When Leanan talks about doom it isn't what you experienced in Katrina, its another Katrina and the fleeing survivors being shot by the next administrative unit up the road because they don't have the carrying capacity for the additional people. Darfur residents trying to exit to Chad and facing the Chadian army ... that is a model for doom.
This site and our society in general suffer from what I'd call an atomic viewpoint - either we have "the solution" or there is no solution. I think this stems from too much in the way of the village elder role being filled by a handful of talking heads in the Meat Stick Media. Someone here (you, Alan?) uses the phrase "silver BBs" and this is absolutely right - individuals on the ground can use information to their advantage and some policy changes need to be made, but like any area of innovation the federal government just gets under foot and skews things to political rather than operational ends. As you've seen that is going to get people killed, likely in increasingly large numbers as we go forward.
the fleeing survivors being shot by the next administrative unit up the road
You are not aware of the Jefferson Parish and Gretna police shooting at New Orleanians trying to walk to the bus pick-up point for white Republicans in Metairie that got a foot of rainwater in their homes ?
FEMA established a bus pick-up there on Wednesday morning, with ice and Port-a-lets, for the white Republicans that got some rain water in their homes (post-WW II sprawl, so they build on slabs while New Orleans is largely elevated).

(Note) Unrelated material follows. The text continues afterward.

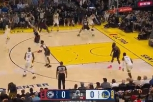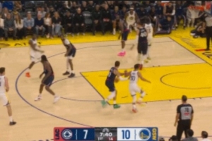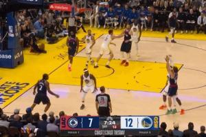😲追梦真传?!库明加弧顶潇洒击地妙传助库里轻松上篮

Only after the white Rs were safely evacuated, and GWB was scheduled to lie from Jackson Square Friday night, was relief sent into New Orleans over dry roads. (How do you think the TV crews got their satellite trucks in ?)
It was a dry road from the Metairie pick-up point to the Convention Center. The overhead shot of Army convoys wading though water was just for PR purposes.
Alan
Alan,
At a little before 1am Aug 30, to the former and future residents of Orleans Parish and the Mississippi Gulf;
Best hopes that your loss, your suffering, means more to us in the future, in tangible ways.